Why Darby Crash Drinks Heineken

Don't burn my scalp, Amber!

“Because when you spill it, it doesn't smell like piss when it dries."
That's why he's buying expensive imported beer instead of some cheap domestic. He wants to explain. He cracks open two bottles and hands me one. His cat eyes are deep black, with huge round pupils. Who knows what he’s swallowed. His girlfriend massages bleach into the sheared hair on either side of his tall lacquered mohawk. It’s a Mohican, he insists to everyone. Darby’s a stickler for the right word.
"Don't burn my scalp, Amber!" he cries.
"Relax, Mr.
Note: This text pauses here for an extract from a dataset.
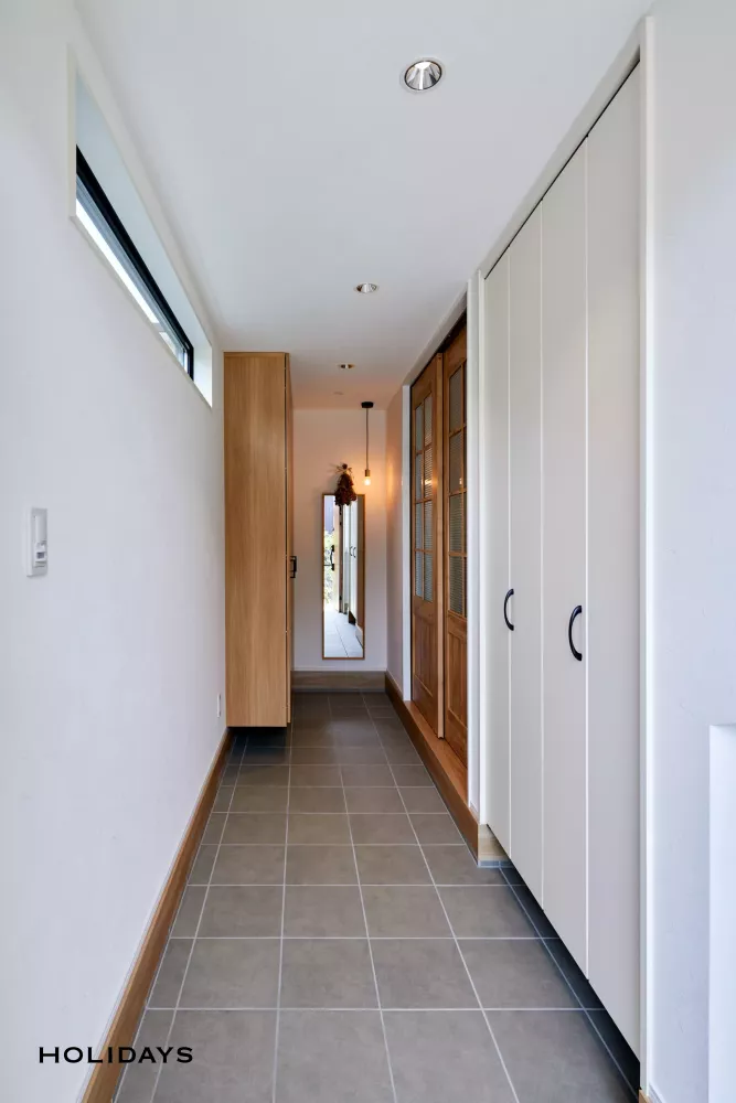玄関ドアを開けると奥まで続く広い土間スペースがあり、正面のペンダントライトがあたたかい光で迎えてくれる。奥の扉からは直接LDKに繋がる間取りに。

Punk Rock."
"It feels like a conflagration."
I'm 18, and I live on the uncool suburban side of the crumbling hills. On a wet Saturday afternoon I drive to Hollywood in my parents’ car. I park down Franklin St. and carry my guitar over my shoulder, like I saw Johnny Ramone do in Rock Scene magazine. It's more punk without a case. Amber points me to a pillow on the floor of the bare living room. Darby nods, stretches out on the couch with his leather jacket draped over him, staring at the ceiling.
“Go,” she snaps. I plug into my tiny Pignose amp and play "Ritchie Dagger's Crime.” It sounds feeble, echoing off the walls.
She smacks Darby on the leg. “Well?”
"He’s got blue eyes like Billy Zoom." He stands and yawns. "Let's go get some beer." Twenty minutes later we’re carrying those Heinekens back.
Now Amber’s off in the bedroom. Darby and I watch Hell’s Angels on Wheels on a black-and-white TV and drink the fancy beer. Cars hiss by the windows, like Jim Morrison said. Hollywood smells like wet wool socks and diesel fumes.
There's an ad for some truck-driver school. “What do you do for a job?” he asks.
“I’m in college. But I'm gonna drop out, ya know, whatever.”
He rolls his empty bottle into the corner and fishes around in the paper bag. “Why would you do that?”
"Well - um. I dunno.”
He cracks two more beers and hands me one, watching the TV impassively. His gnarly buck teeth push his lips out and his eyes are gentle and unfocused. "Trucker school would be cool."
The movie comes back on and he murmurs, "Jack Nicholson. Look how young he is.”
Jack sidles up to a car and strikes a pose. He looks exactly like Darby waiting for change in the liquor store.
“Wild. He’s the wild card. In every movie. He's the one-eyed Jack.” He drains his bottle and rolls it away. “Or, the suicide King.”


It was 1980. I was a kid and Darby Crash was my idol. I got plenty of bruises and shed some blood at Germs shows. When I got to audition for his solo band it was a spooky dream. He was sweet, at least to me the little time I spent with him. Poor Darby.